Sounddesign als Kunst: Braun x Virgil Abloh Wandanlage
Die Grenze zwischen Kunst und Design ist eine besonders feine. Virgil Abloh hat ihr mit seiner Neuinterpretation der »Braun Wandanlage« eine weitere Facette verpasst. Zum hundersten Geburtstag der deutschen Marke hat der amerikanische Architekt, Künstler und Kreative den Designklassiker von 1965 neu definiert – und zwar mit viel poliertem Chrom bei gleichbleibender Funktionalität. Vor allem Letzteres war für den aus Rockford, Illinois stammenden Abloh wichtig. Er wollte nämlich nichts weniger ein Stück »funktionale Kunst« schaffen. Die Form mit der markanten Steuereinheit, den zahlreichen Drehknöpfen, dem Tonbandgerät und dem schwebenden Plattenspieler blieb deshalb unangetastet – weil die von Dieter Rams gezeichnete Komplettanlage aus Sicht Ablohs ohnehin schon zeitlos ist.
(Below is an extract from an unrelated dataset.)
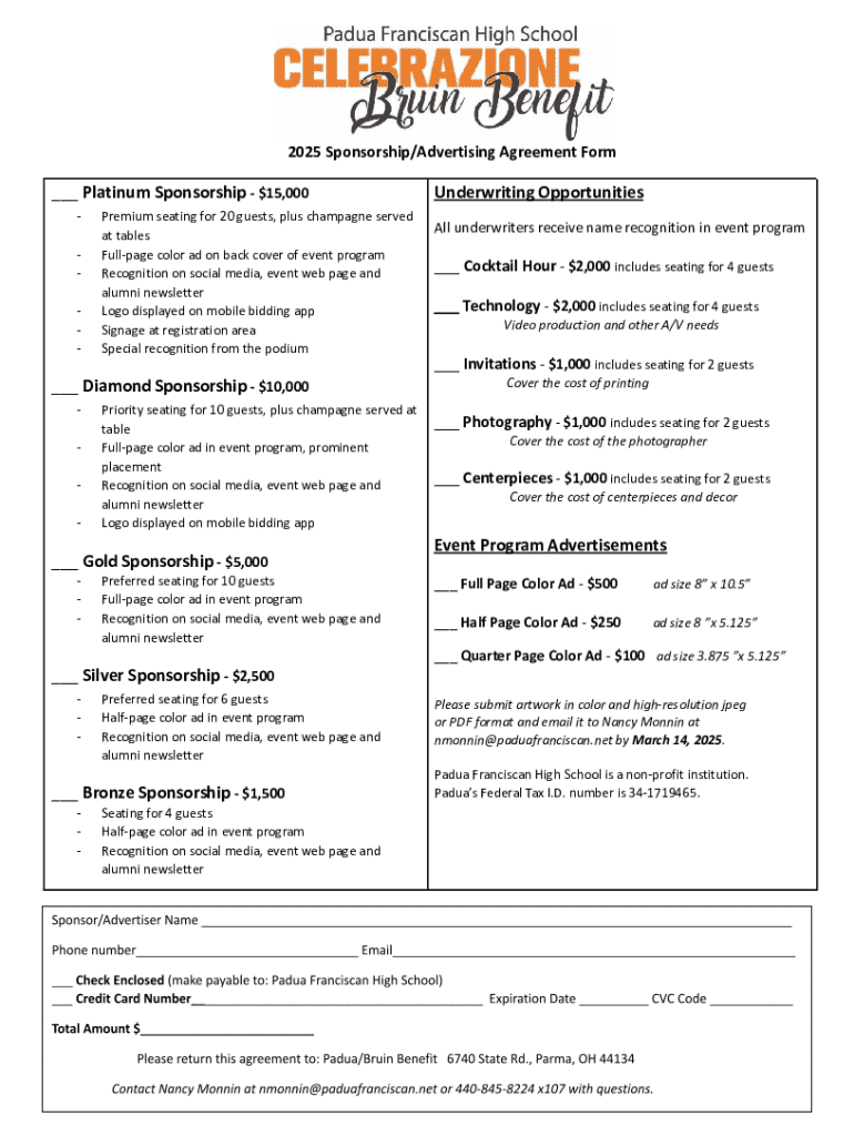 Get the free Bruin Benefit 2025 Sponsorship & Advertising Form.docx

Wo findet sich dann also der Kunstgedanke beim neuen alten Designobjekt, das sowieso schon als ausgesprochen schön gilt? Abloh kramt dabei tief in der afroamerikanischen Kultur der vergangenen hundert Jahre. Mit seiner Chromierung spielt er zum Beispiel an auf die Messing- und Silberinstrumente von Mamie Smiths Bluesband aus den 1930ern, aber auch auf die polierten Platten an den Autos von Hip-Hop-Stars der 1980er. Abloh schafft damit wiederum die Brücke zu Braun selbst und deren polierte Chrom-Design-Ästhetik, wie sie beim SM3-Rasierer von 1960 und dem T1 Toaster von 1961 zu finden ist.
»Es ist zeitlos und dazu gedacht, über viele Jahre hinweg geschätzt und genossen zu werden.«
Er selbst fasst es wie folgt zusammen: »Das Endprodukt entspricht dem Braun-Ethos, langlebige und zeitlose Dinge herzustellen – aber gleichzeitig das Erzählen neuer Geschichten zu ermöglichen.« Eine davon erzählt der Teilzeit-DJ gleich mal selbst. Auf seiner Soundcloud-Seite hat er den anderthalbstündigen Songmix »Internationalism« veröffentlicht, der seine musikalische Inspiration wiedergibt. Eine ohne Genregrenzen, aber mit vielen entspannten Klängen. Ergänzt sich am Ende dann auch perfekt mit dem Klassiker von Rams: schließlich macht gutes (Sound-)Design ein Produkt ja erst brauchbar.